Near-Optimal Cryptographic Hardness of Learning With Homogeneous Halfspaces Under Gaussian Marginals
For researchers in computational learning theory, this work provides tight hardness results for homogeneous halfspaces, extending prior results and reducing the gap between known upper and lower bounds.
The paper proves near-optimal computational hardness for learning homogeneous halfspaces under Gaussian marginals in three settings (agnostic learning, one-sided reliable learning, fairness auditing) under the LWE assumption, narrowing the gap between upper and lower bounds for agnostic learning.
We study three problems that involve identifying homogeneous halfspaces under Gaussian distributions: agnostic learning, one-sided reliable learning, and fairness auditing.
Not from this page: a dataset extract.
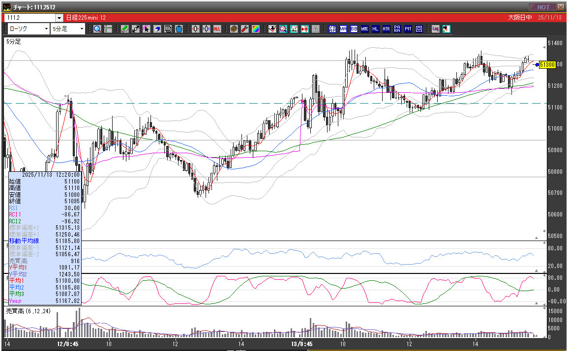 | 2025/11/13 | 11:00 | 51220 | 51240 | 51130 | 51195 | 7773 | 110 | -25 |

In each of these problems, we are given labeled examples $(\mathbf{x}, \mathrm{y})$ drawn from an unknown distribution on $\mathbb{R}^d\times\{-1, +1\}$, whose marginal distribution on $\mathbf{x}$ is standard Gaussian and on $\mathrm{y}$ is arbitrary. The goal of each problem is to output a homogeneous halfspace that approaches the best-fitting homogeneous halfspace in terms of its corresponding loss measure. We prove near-optimal computational hardness results for these problems under the widely believed hardness assumption of the Learning With Errors (LWE) problem. Prior hardness results for these problems were mostly established for general halfspaces; our findings extend some of these hardness results to homogeneous halfspaces. Remarkably, our lower bound strictly generalizes over prior works and narrows the gap between the upper and lower bounds for agnostically learning homogeneous halfspaces under Gaussian marginals.